Open dirkjonker opened 2 years ago
You can kind of do this already:
// my_udf.sqlx
config {
type: "operations",
hasOutput: true,
}
create function ${self()}(x INT64) ...
And then you can reference it:
// my_table.sqlx
config { type: "table" }
select ${ref("my_udf")}(column) from ...
This is a bit of a workaround, but it does mean the UDFs are part of the graph, by storing them as permanent functions inside BigQuery.
This doesn't address your points on unit-testing however!
@lewish thanks, that's really useful!
Now I'm just missing the syntax highlighting and automatic formatting that respects the Javascript in the UDF string ;)
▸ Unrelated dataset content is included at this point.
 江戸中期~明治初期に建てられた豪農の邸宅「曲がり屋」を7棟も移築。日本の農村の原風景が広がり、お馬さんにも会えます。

I do get query validation warnings: "Some dependencies don't yet exist in the warehouse". It seems like Dataform doesn't know that the functions exist, even though it can successfully create them. It's just a warning though, so it doesn't block any dependent resources from being created, but it's a false warning which is inconvenient.
Just tried this, but dataform did not recognize the function until it was executed and persisted in the database.
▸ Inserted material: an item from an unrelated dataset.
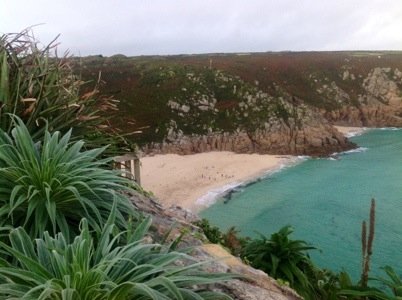So, before I even start on Macbeth and the incredible theatre at which we saw it last night, can you just look at that picture?!? Who would believe this is in England? They don’t call it the Cornish Riviera for nothing, that’s for sure. I took this pic from the steps of the theatre. Which sounds weird, I know, but not when you realize the theatre is outdoors, carved into the side of a cliff. I am sure there is no more impressive theatre anywhere in the world. And it is made more so by the fact that one woman, Rowena Cade, spent from 1931 to 1983 planning, financing, and building this theatre almost single-handedly. It is incredible; seats carved into the side of the rock, a stage that looks like something constructed by Romans, and the unparalleled view of the rugged cliffs, turquoise water, and sandy coves behind it.

I was looking into this as a data engineer at a company using dbt, who helped develop our dbt tooling and maintain it; this would be a somewhat compelling reason to make a switch from dbt, since dbt also lacks this feature. We use UDFs to share functionality across models. If dataform had first class UDF support and a proper dry run feature (dry running incremental models, for example) it'd be an easy sell to make the switch.
To expand on this, I would love to see some examples of where the functionality of Javascript UDFs can't be achieved without them.
Having logic computed at runtime in BigQuery removes a lot of the benefits of the determinism of a compiled Dataform graph - so I'm trying to understand the motivations of them better.
It would be useful to be able to create User-Defined Functions (UDF) from dataform, and being able to reference them like you reference a table. Right now I create UDFs in the
pre_operations
section, but I don't have syntax highlighting or ability to test it. Also calling the UDFs from a query is a bit hacky now, as you need to fully qualify the function name (project_name.dataset.function_name
) in order to ensure you are calling the right function.Bonus for being able to unit-test Javascript UDFs!